* [ABOUT THIS EXERCISE] After the line containing "품명 케미에르 산테르 6인 통세라믹 원목식탁SET(벤치형) KHD-963B", copy nothing more; up to and including it, copy every line of the listing exactly from the first, leaving out the pictures.

* [SOURCE MATERIAL]
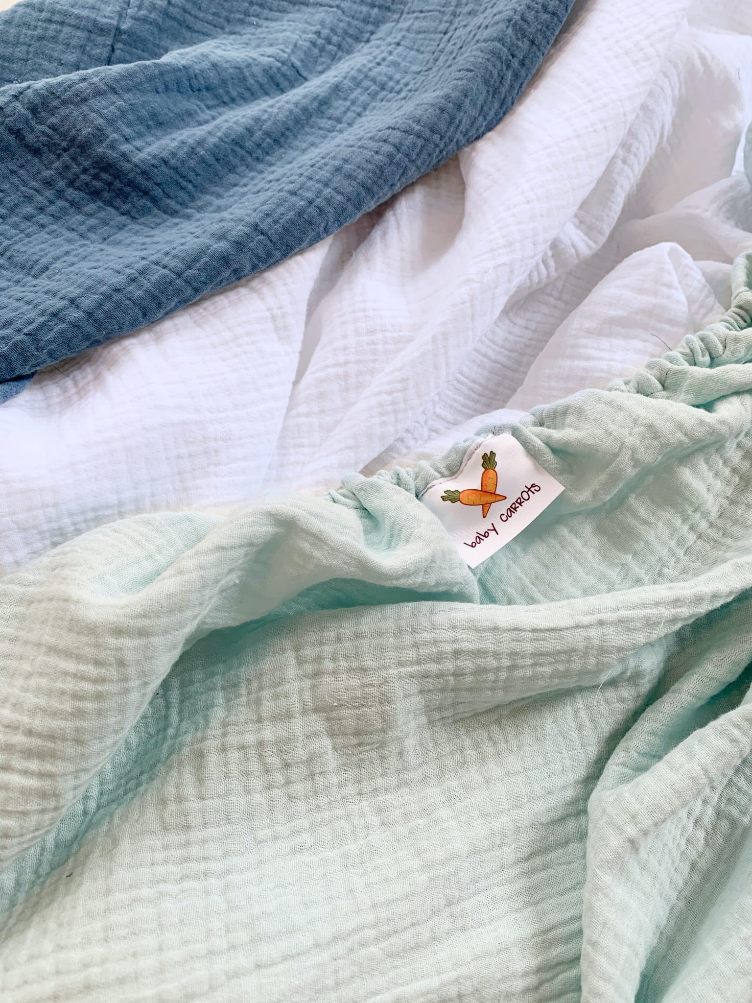 - rodzaj materiału: najwyższej jakości, certyfikowany muślin double gauze - charakteryzuje się dwiema cienkimi, luźno tkanymi warstwami, podczas gdy zwykły muślin składa się z jednej warstwy
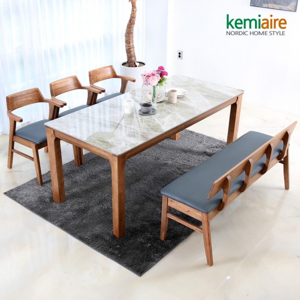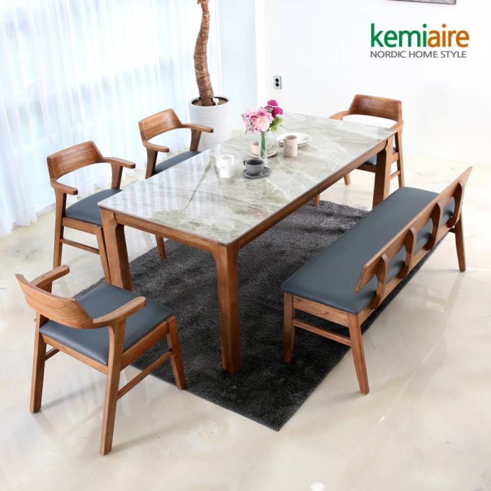 품명 케미에르 산테르 6인 통세라믹 원목식탁SET(벤치형) KHD-963B
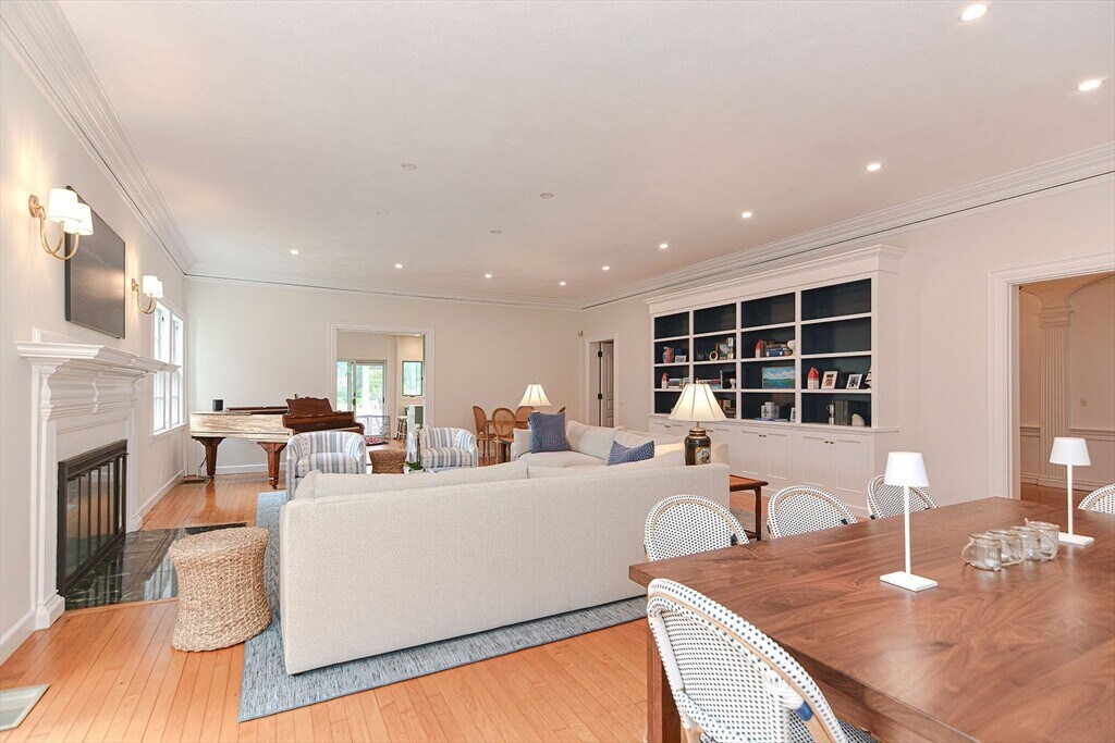 Available now to early June. Elegant updated furnished home with blend of classic New England charm and modern convenience.Spacious verandah leads to center entrance hallway with sweeping staircase.Lightfilled living room with French doors to side deck,wood fireplace,and dining area.Just renovated large eat-in kitchen.with state of the art appliances,oversized refrigerator. separate freezer,gas stove,new countertops,and ample storage space. Dine on the porch overlooking Winthrop Field (sightings of deer and bald eagles.). Also on this level is a billiard room,home office/study with built in floor-to-ceiling bookshelves and views,den,full bath and a half bath. Upstairs are 4 bedrooms (2 with ensuite baths,) 4,5 baths,laundry room with washer/dryer,and finished attic. Two king bedrooms. Abundance of closet space with two dressing areas. Other bedrooms have 2 queens and 2 fulls.Gas heat,A/C,firepit,outdoor shower. Renter pays utilities. MLS# 73419301

* [WRITTEN SOLUTION]
 - rodzaj materiału: najwyższej jakości, certyfikowany muślin double gauze - charakteryzuje się dwiema cienkimi, luźno tkanymi warstwami, podczas gdy zwykły muślin składa się z jednej warstwy
 품명 케미에르 산테르 6인 통세라믹 원목식탁SET(벤치형) KHD-963B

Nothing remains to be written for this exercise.